━━━ TASK INPUTS ━━━
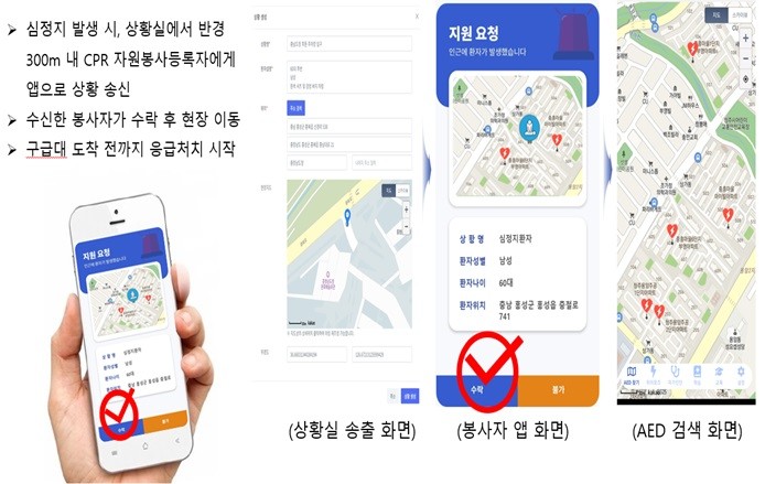 심정지 신고가 접수되면 상황실에서 반경 300m 내 자원봉사 등록자에게 앱으로 상황을 송신하며, 자원봉사자는 요청에 대해 수락 또는 불가로 지원 여부를 선택할 수 있고 수락한 봉사자는 현장으로 이동해 구급대 도착 전까지 응급처치를 하는 방식이다.
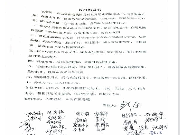 在第30届“世界水日”和第35届“中国水周”来临之际,思政部开展“节水中国 你我同行”节约用水宣传倡议活动。2022年3月28日,思政部全体成员集中学习了活动内容,然后进行签名承诺,积极宣传节水、爱水、亲水、护水和水生态文明建设等常识,引导教师改进用水方式,提高水的利用率,避免水资源的浪费。教职工们均表示,爱护水资源就是爱护人类自己,我们不仅应当积极倡议,更应当落实,节约用水,从自己做起,从身边的一点一滴做起
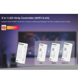 Control 3 en 1: compatible con tiras LED RGB, RGBW y RGB+CCT, todo en un solo dispositivo.
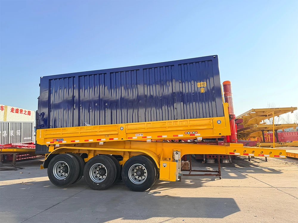 O reboque de contentor basculante de 3 eixos é projetado principalmente para terminar o transporte de alta eficiência ponto a ponto. Ele pode realizar trabalhos de carga e descarga de alta velocidade sem qualquer equipamento extra. Da fábrica diretamente para o destino final ou para o utilizador final, sem quaisquer despesas adicionais.
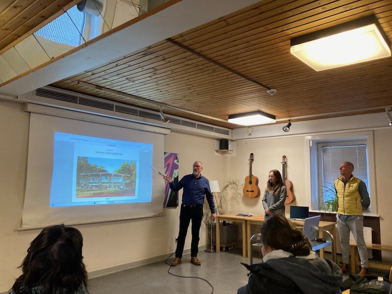 Das neue Haus ist als Pavillon im Park geplant und wird keine erkennbaren Rückseiten haben. Von allen Seiten wird man die offene Bauweise aus Holz mit großen Glasfronten und Stahlgeländern sehen und rundum sollen Bänke verlaufen, die unter den weit überstehenden Dächern zum Verweilen einladen. Das Erdgeschoss besteht aus zwei Teilen mit separaten Eingängen für den Senioren- und den Jugendbereich, während das Obergeschoss je nach Bedarf von allen genutzt werden kann. Alle Eingänge und Wege im Haus sind barrierefrei und natürlich wird es auch einen Fahrstuhl geben.
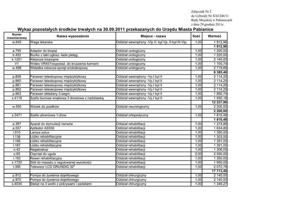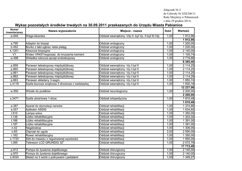 Załącznik Nr 2 do Uchwały Nr XXI/246/11 Rady Miejskiej w Pabianicach z dnia 29 grudnia 2011r. Wykaz pozostałych środków trwałych na 30.09.2011 przekazanych do Urzędu Miasta Pabianice Numer inwentarzowy Nazwa wyposażenia Miejsce - nazwa Ilość w.645 Waga lekarska Oddział wewnętrzny -VIp II- był Vp. II-był III-VIp 1,00 a.795 b.452 k.1201 V1 w.498 Adaptor do biopsji Biurko z tabl.ogłosz.-lada pielęg. Kleszcze biopsyjne Wideo VR457/wyposaż. do kruszenia kamieni Wkładka robocza-sprzęt endoskopowy Oddział urologiczny Oddział urologiczny Oddział urologiczny Oddział urologiczny Oddział urologiczny 1,00 1,00 1,00 1,00 1,00 p.859 p.860 p.861 p.862 p.863 s.4118 Parawan teleskopowy międzyłóżkowy Parawan teleskopowy międzyłóżkowy Parawan teleskopowy międzyłóżkowy Parawan teleskopowy międzyłóżkowy Parawan składany 3-segm. Szafa biurowa wnękowa 3 drzwiowa z nadstawką Oddział wewnętrzny -Vp.I był II Oddział wewnętrzny -Vp.I był II Oddział wewnętrzny -Vp.I był II Oddział wewnętrzny -Vp.I był II Oddział wewnętrzny -Vp.I był II Oddział wewnętrzny -Vp.I był II 1,00 1,00 1,00 1,00 1,00 1,00 w.550 Wózek do posiłków Oddział neurologiczny 1,00 s.3471 Szafa ubraniowa 1-drzw. Oddział ortopedyczny 1,00 a.387 a.557 l.510 ł.136 ł.186 ł.187 n.42 o.65 r.162 s.1720 t.395 Aparat do stymulacji nerwów Aplikator AS550 Lampa solux Łóżko rehabilitacyjne Łóżko rehabilitacyjne Łóżko rehabilitacyjne Negatoskop Osprzęt do ugula Rower rehabilitacyjny Stół do masażu o regulowanej wysokości Telewizor LCD GRUNDIG 32" Oddział rehabilitacji Oddział rehabilitacji Oddział rehabilitacji Oddział rehabilitacji Oddział rehabilitacji Oddział rehabilitacji Oddział rehabilitacji Oddział rehabilitacji Oddział rehabilitacji Oddział rehabilitacji Oddział rehabilitacji 1,00 1,00 1,00 1,00 1,00 1,00 1,00 2,00 1,00 1,00 1,00 p.912 p.970 s.4034 Pompa do żywienia dojelitowego Pompa do żywienia dojelitowego Stelaż na 3 worki z pokrywami i pedałami Oddział chirurgiczny Oddział chirurgiczny Oddział chirurgiczny 1,00 1,00 1,00 Wartość 1 912,96 1 912,96 1 200,00 1 220,00 2 140,00 1 105,74 2 719,66 8 385,40 2 114,25 2 114,25 2 114,25 2 114,29 1 850,74 1 930,18 12 237,96 2 200,00 2 200,00 1 810,48 1 810,48 1 374,86 1 634,80 1 350,00 1 303,00 1 391,00 1 391,00 1 306,05 2 590,00 1 350,00 1 950,00 2 072,78 17 713,49 2 140,00 2 140,00 1 349,27
━━━
## PROBLEM:
Among the entries above, copy exactly the stretch from the line holding "O reboque de" through the line holding "Das neue Haus", leaving out any pictures.

## SOLUTION TO THE EXERCISE:
 O reboque de contentor basculante de 3 eixos é projetado principalmente para terminar o transporte de alta eficiência ponto a ponto. Ele pode realizar trabalhos de carga e descarga de alta velocidade sem qualquer equipamento extra. Da fábrica diretamente para o destino final ou para o utilizador final, sem quaisquer despesas adicionais.
 Das neue Haus ist als Pavillon im Park geplant und wird keine erkennbaren Rückseiten haben. Von allen Seiten wird man die offene Bauweise aus Holz mit großen Glasfronten und Stahlgeländern sehen und rundum sollen Bänke verlaufen, die unter den weit überstehenden Dächern zum Verweilen einladen. Das Erdgeschoss besteht aus zwei Teilen mit separaten Eingängen für den Senioren- und den Jugendbereich, während das Obergeschoss je nach Bedarf von allen genutzt werden kann. Alle Eingänge und Wege im Haus sind barrierefrei und natürlich wird es auch einen Fahrstuhl geben.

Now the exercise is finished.